In short, there are many different options of co-parenting, and young people are choosing this family dynamic more and more often.
So what are the benefits of co-parenting?
Being a co-parent often implies that you are single, and therefore you have about 50% (depending on what you have agreed upon) of your time for yourself.
So you can spend time with your friends, focus on your career, enjoy your free time and your freedom. On top of that, you can also have a child, give him or her all of your love and truly enjoy all the special moments. You can also form a special relationship with the co-parent of your child.
Complicity and a friend for life :). Clearly there are a lot of advantages that come with the love and freedom of being a co-parent.
But of course there are also disadvantages.
So what are the disadvantages of co-parenting?
The desire to have a child with a stranger (usually) or a friend means that you must have a clear vision of the future with the co-parent.
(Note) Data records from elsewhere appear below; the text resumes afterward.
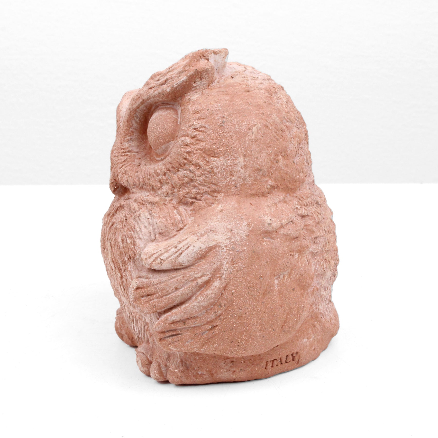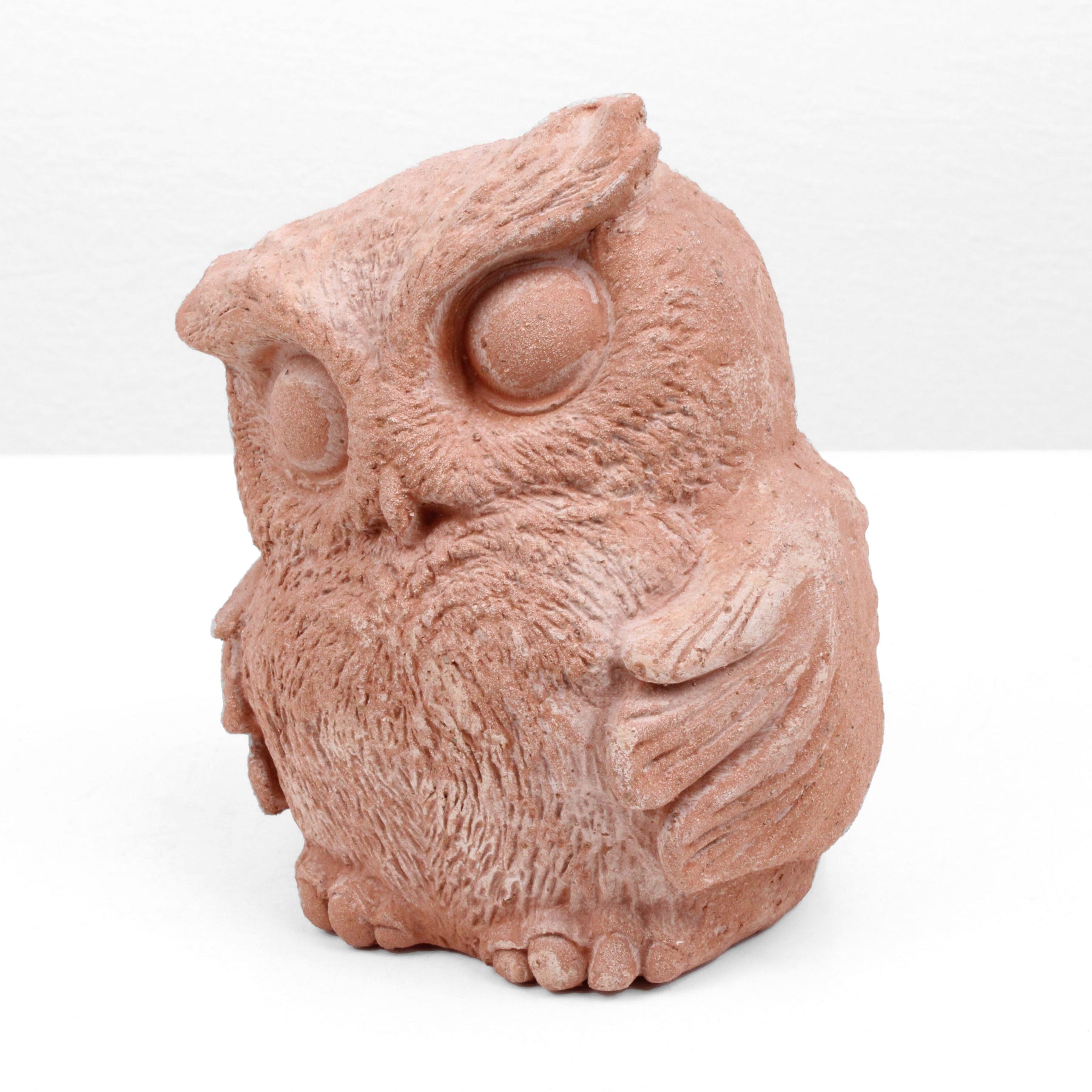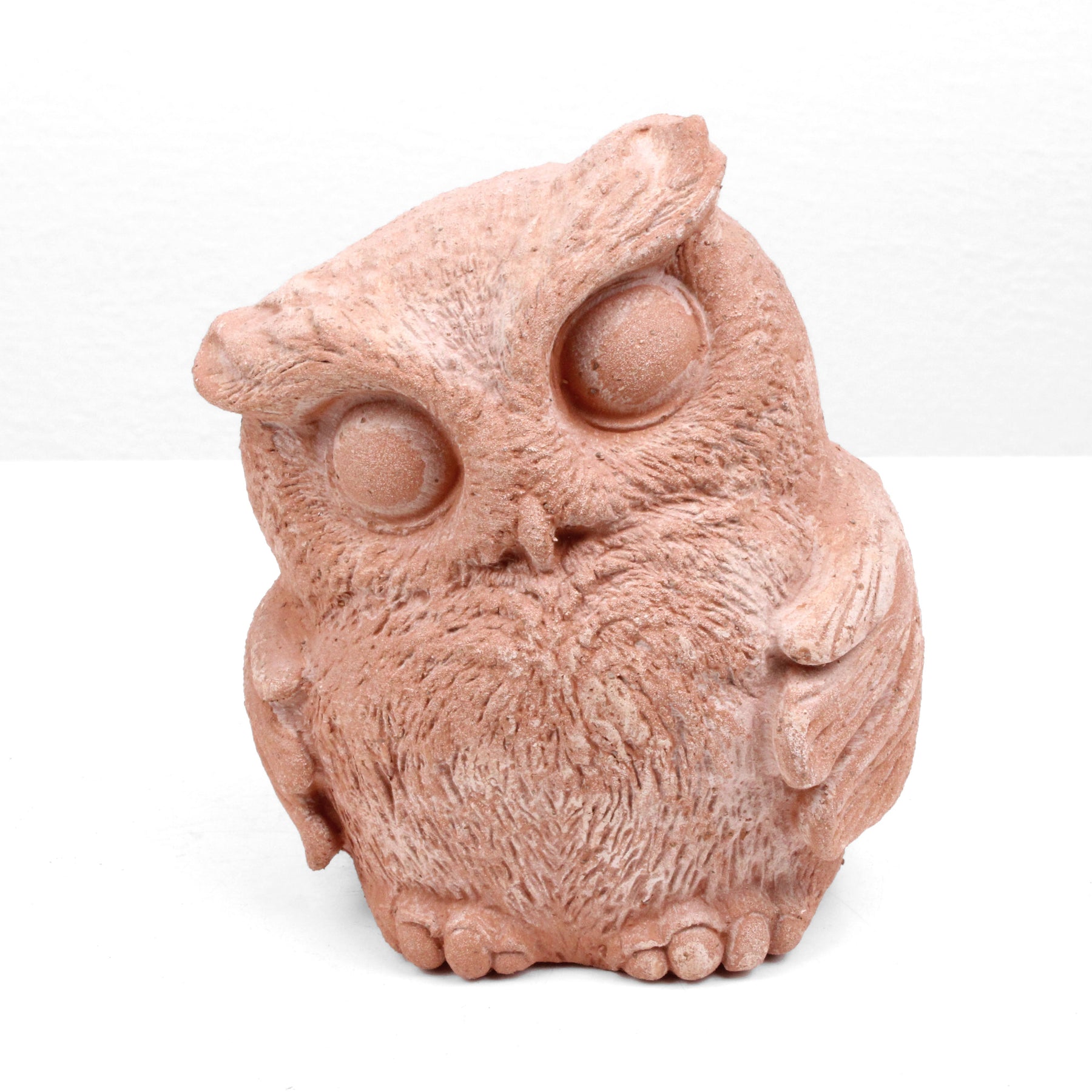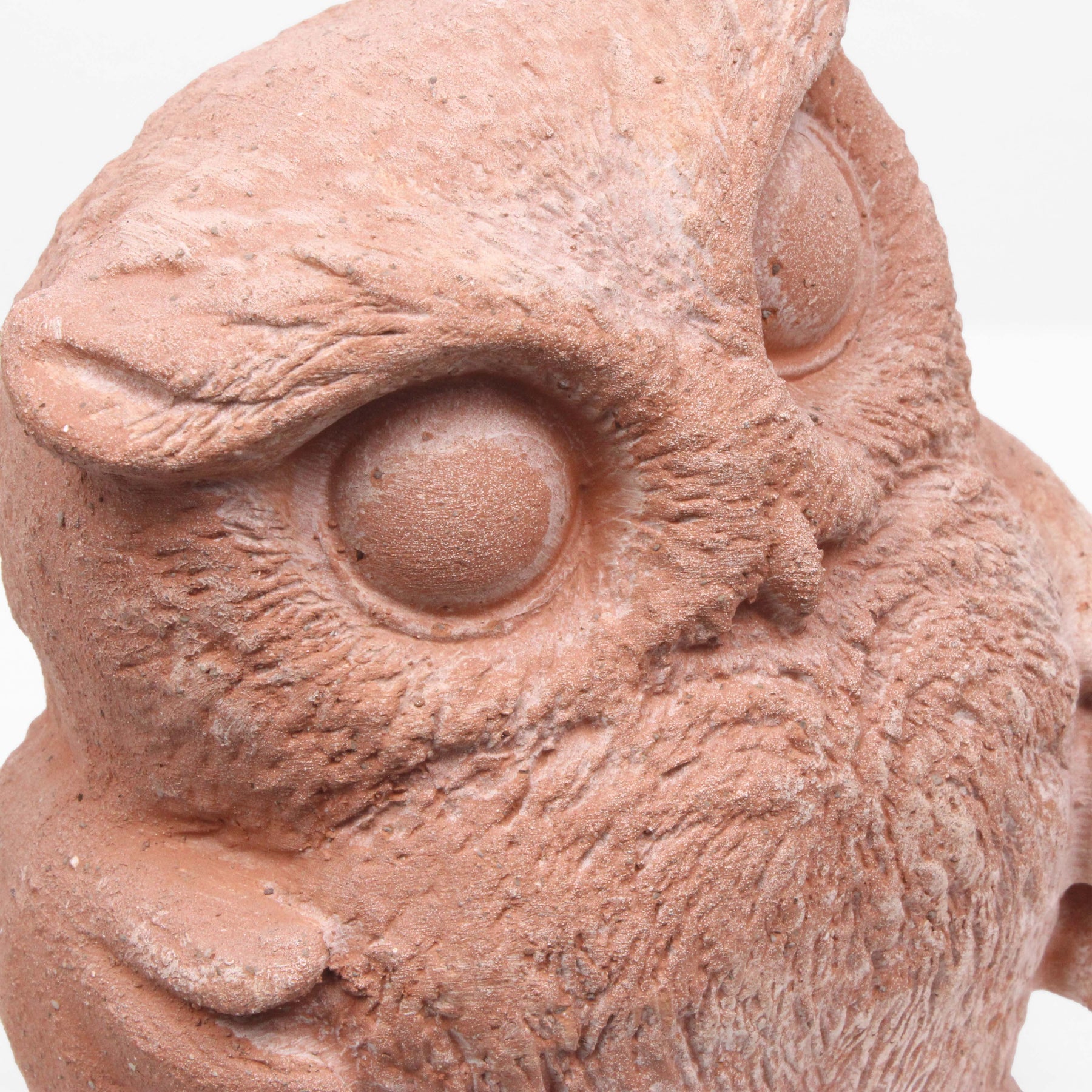Diese Terrakotta-Eule ist eine Keramikfigur mit fantastischen Details, bemalt mit natürlicher, umweltfreundlicher Farbe auf Wasserbasis. Sie ist ein wunderschönes, hochwertiges Kunstwerk, das sich sowohl für die Innen- als auch für die Außendekoration eignet.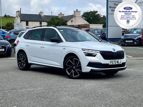 Used White Skoda Kamiq 1.5 TSI Monte Carlo 5dr for sale. Located in Anglesey and ready to be test driven locally or delivered nationwide.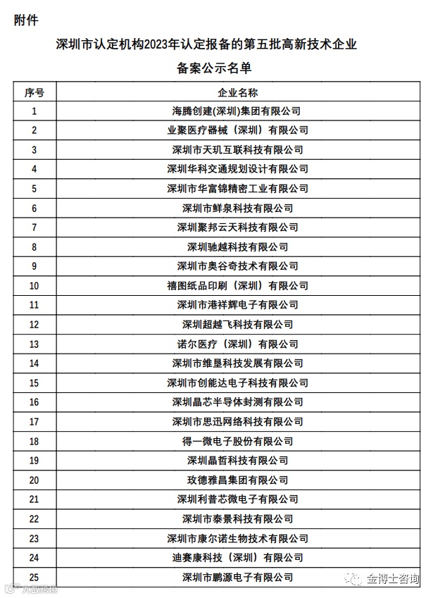 附件:深圳市认定机构2023年认定报备的第五批高新技术企业备案公示名单

You should agree on the amount of time each of you would spend with the child, share common values and ideas about education, etc. in order to be as close as possible to your co-parent. Be aware that a bad decision could turn into a nightmare later.
To read more about this topic, you can read our article on successful co-parenting.
In conclusion, although co-parenting has many advantages, there can also be many problems if you do not choose a compatible co-parent.
Nonetheless, life is a beautiful adventure, so don’t miss the opportunity to become a parent if that is your dream.